(Collection entries)
____

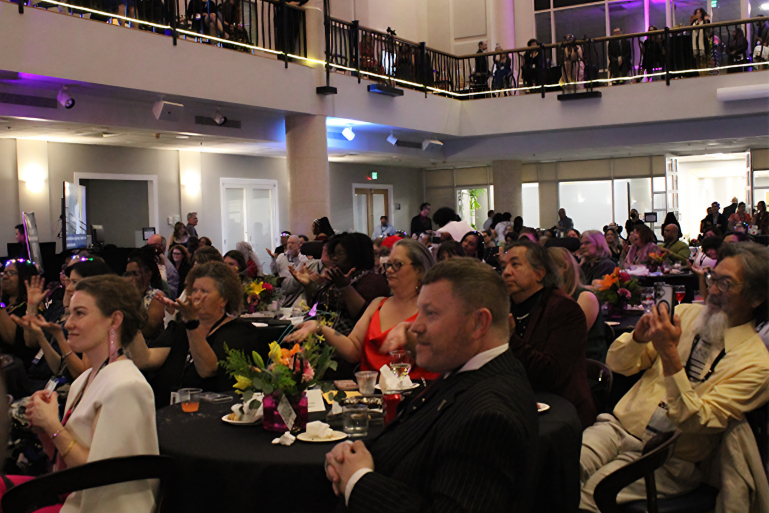 Finding levity through difficult times was a consistent refrain at DRC’s fourth annual gala, The Art of Disability Justice. 340 leaders in disability advocacy, the arts, and social justice luminaries gathered at the gorgeous Tsakopoulos Library Galleria in downtown Sacramento, California, for an evening of fellowship and connection through a shared mission: to advance disability rights for all Californians. As leaders in the disability space, we were proud to host a distinctly accessible evening, with accommodations for people with a variety of disabilities.
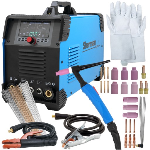 Producent: SHERMAN ||| Metody spawania: TIG AC, TIG DC, MMA ||| Maksymalny prąd spawania: 200A ||| Zasilanie: 230V 1ph
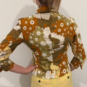Women’s XS Retro Yellow Floral 70s Short Jacket 100% Linen fabric. It has shoulder pads under the lining to give the soft relaxed fabric a stylish fit. Great condition only worn a few times.
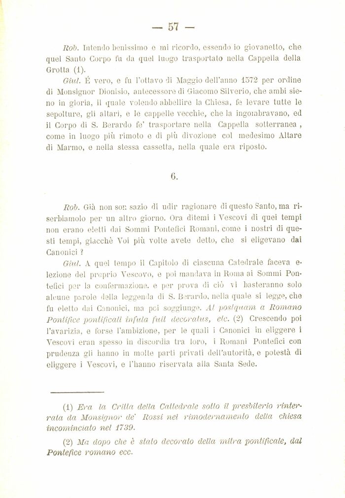 Giul. É vero, e fu l'ottavo di Maggio dell'anno 1572 per ordine di Monsignor Dionisio, antecessore di Giacomo Silverio, che ambi sie-no in gloria, il quale volendo abbellire la Chiesa, fe levare tutte le sepolture, gli altari, e le cappelle vecchie, che la ingombravano, ed il Corpo di S. Berardo fe' trasportare nella Cappella sotterranea , come in luogo più rimoto e di più divozione col medesimo Altare di Marmo, e nella stessa cassetla, nella quale era riposto.
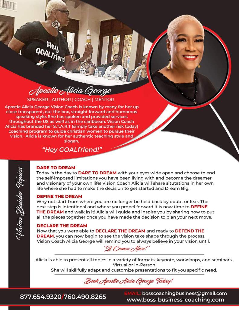 To inquire about fees and scheduling a speaking engagement with Alicia, please email her at bosscoachingbusiness@gmail.com. You may also contact her by phone at (877) 654-9320 or (760) 490-8265.
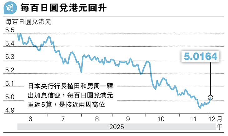 據植田透露,自上月底以來與首相高市早苗及經濟官員溝通順暢。這一表態或暗示政府不會反對央行加息。植田指出,若調整政策為時過晚,可能導致通脹飈升,迫使央行日後加快行動,恐引發市場動盪。他補充,12月的政策決定將考慮薪酬等數據,當利率由目前半厘上調至0.75厘,將進一步闡述央行未來的加息路徑。
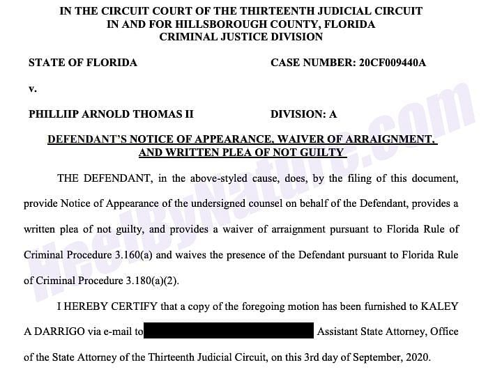 Heel by Nature obtained the plea filed by Phillip Thomas' public defender in the judicial court of Hillsborough County, Florida:

____

> [About this exercise]:
Would you please repeat only the lines above, beginning at the one that has "Women’s XS Retro" and stopping after the one that has "據植田透露,自上月底以來與首", exactly and with no pictures?

> [Result of this exercise]:
Women’s XS Retro Yellow Floral 70s Short Jacket 100% Linen fabric. It has shoulder pads under the lining to give the soft relaxed fabric a stylish fit. Great condition only worn a few times.
 Giul. É vero, e fu l'ottavo di Maggio dell'anno 1572 per ordine di Monsignor Dionisio, antecessore di Giacomo Silverio, che ambi sie-no in gloria, il quale volendo abbellire la Chiesa, fe levare tutte le sepolture, gli altari, e le cappelle vecchie, che la ingombravano, ed il Corpo di S. Berardo fe' trasportare nella Cappella sotterranea , come in luogo più rimoto e di più divozione col medesimo Altare di Marmo, e nella stessa cassetla, nella quale era riposto.
 To inquire about fees and scheduling a speaking engagement with Alicia, please email her at bosscoachingbusiness@gmail.com. You may also contact her by phone at (877) 654-9320 or (760) 490-8265.
 據植田透露,自上月底以來與首相高市早苗及經濟官員溝通順暢。這一表態或暗示政府不會反對央行加息。植田指出,若調整政策為時過晚,可能導致通脹飈升,迫使央行日後加快行動,恐引發市場動盪。他補充,12月的政策決定將考慮薪酬等數據,當利率由目前半厘上調至0.75厘,將進一步闡述央行未來的加息路徑。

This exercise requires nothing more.